Приехали.
Выползаем из гравицапы* достойно, по принципу субординации: я из кабины правой коленкой вперед выхожу, Витёк, сегодняшний мой бой-фельдшер, - с будки.
У нас с ним высокие отношения! Он ко мне: «Тёть, Наталь Владимировна, коленки ровняй, смирно!», я ему: «В будку, племяшек!»
Выползли, поползли скороходами через ступеньку на свой пятый без лифта. У него в запасе еще моих семь лет вперед, но отстает от меня на забеге, зараза! Курит потому что, как паровоз, да жопу на машине двигает постоянно из пункта А в пункт Б, как коня по шахматной доске, и спорт избегает, как случайные связи. А у меня принцип по жизни давно один: жизнь-это движение! Мал еще Витёк, неудал, чтобы эту мудрость житейскую своей лысой головой постичь.
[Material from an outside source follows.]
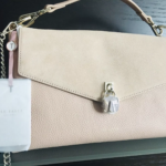 Brand new with tags, the Ted Baker Marieaa Shoulder Bag offers a sophisticated blend of leather and suede in a beautiful taupe and blush tone. Perfect for day or night, this elegant bag features a luxurious padlock detail on the front. The flap-over design opens up to a spacious interior, complete with a slip pocket for your smaller essentials. The bag also comes with a detachable top handle and a shoulder strap for versatile styling.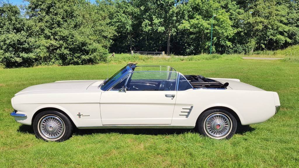 Dit is de mooiste klassieke Ford Mustang trouwauto van Nederland. Jullie mogen zelf rijden in deze mooie trouwauto. Deze mooie classic Ford Mustang is er voor iedereen die van stoer en opvallend houdt. Deze beauty rijdt heerlijk en verkeert in nieuwstaat! Het rijden in deze klassieker is een droom voor velen. Bijna iedereen vindt dit een schitterende auto. En dat is niet voor niks! Onze Ford Mustang is een trouwauto waarvan het cabriodak kan worden opengeklapt, ook wel bekend als een cabriolet. De open dakconstructie maakt het mogelijk om in stijl te rijden en tegelijkertijd genieten van het weer en de omgeving. Veel bruidsparen kiezen voor een cabrio Ford trouwauto voor een unieke en romantische touch aan jullie trouwdag.

Я уже на звонок потертый давлю, скрытый в пыли и грязи времен, что код да Винчи, а бой мой ногами все еще ступеньки четвертого этажа перебирает, как в замедленной съемке.
Пока бабка дверь скрипучую за тремя замками открывала, позвавшая нас, спасателей малибу, сама себе, без зазрения адекватного восприятия действительности на «умирает 65 лет», я успела Витька выкусить: «Ну, что, племяшек, не задохнулся в полете пролетов?»
Открыла она нам дверь, сердечная, открыла широко и гостеприимно, хоть и в состоянии, как она полагала, близкому к реанимационным мероприятиям.
А оказалась на глаз ничего - не реанимационная! Сочная, живенькая, с губками в пинке помадного ме йстрима, с устойчивой позой Ромберга, ну, и пусть, что та с налетом старческой ригидности, будет вам сто лет в обед - сами поймете, как оно там в вековом размере!..
То, что в девяносто семь лет шестьдесят пять кажутся молодильным размером, нам не привыкать: плавали-с зубами!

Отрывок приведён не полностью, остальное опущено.